🤖 AI Summary
This work addresses the simulation-to-reality (sim-to-real) gap arising from complex, dynamic, and non-smooth physical contacts by proposing an implicit alignment framework. Leveraging an off-the-shelf simulator as a prior, the method uniquely integrates real tactile contact information into neural dynamics modeling to construct a contact-aware forward dynamics network, enabling data-driven correction of simulated states. By explicitly capturing the discontinuities inherent in contact interactions, the approach significantly improves state prediction accuracy and substantially enhances the execution performance of policies trained purely in simulation when deployed in real-world environments.
📝 Abstract
High-fidelity physics simulation is essential for scalable robotic learning, but the sim-to-real gap persists, especially for tasks involving complex, dynamic, and discontinuous interactions like physical contacts. Explicit system identification, which tunes explicit simulator parameters, is often insufficient to align the intricate, high-dimensional, and state-dependent dynamics of the real world.
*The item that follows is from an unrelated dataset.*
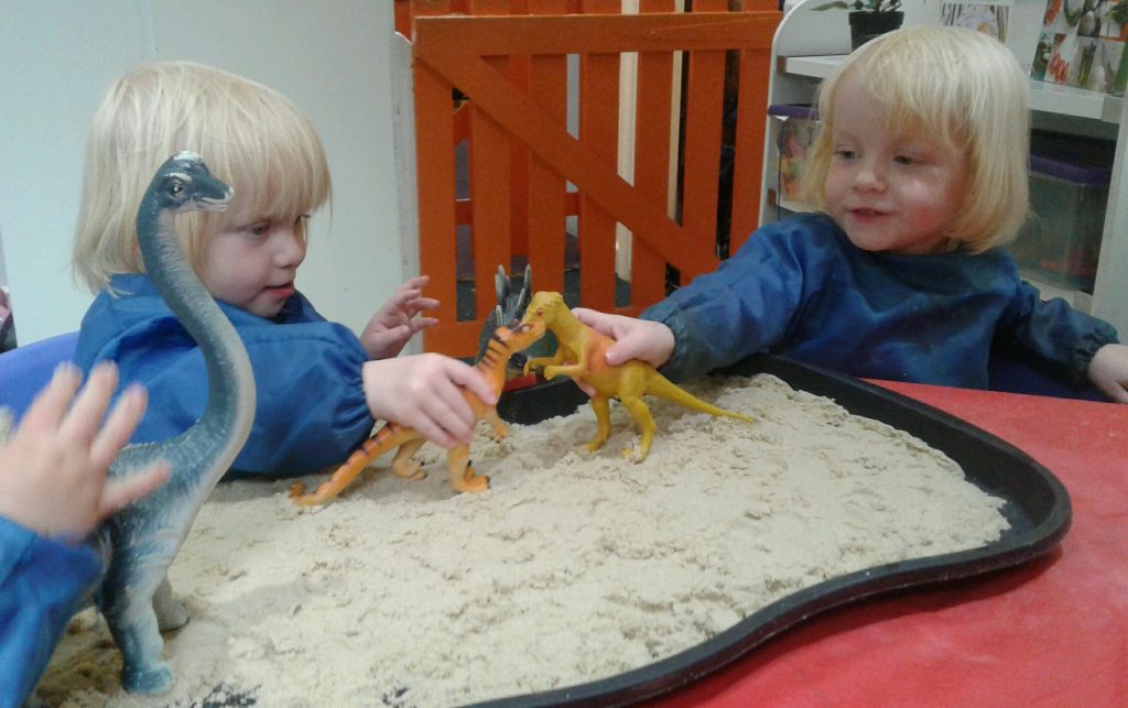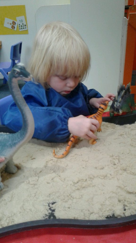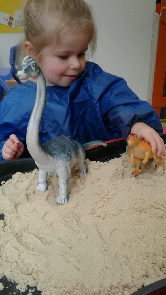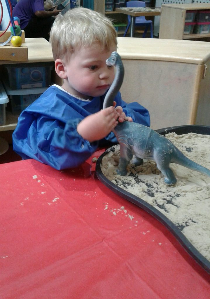 Over at the sand tray, the children were busy making the dinosaurs stomp in the sand! No wonder the Peter Rabbits enjoyed their own bucketful of dinosaur adventures!

To overcome this, we propose an implicit sim-to-real alignment framework that learns to directly align the simulator's dynamics with contact information. Our method treats the off-the-shelf simulator as a base prior and learns a contact-aware neural dynamics model to refine simulated states using real-world observations. We show that using tactile contact information from robotic hands can effectively model the non-smooth discontinuities inherent in contact-rich tasks, resulting in a neural dynamics model grounded by real-world data. We demonstrate that this learned forward dynamics model improves state prediction accuracy and can be effectively used to predict policy performance and refine policies trained purely in standard simulators, offering a scalable, data-driven approach to sim-to-real alignment.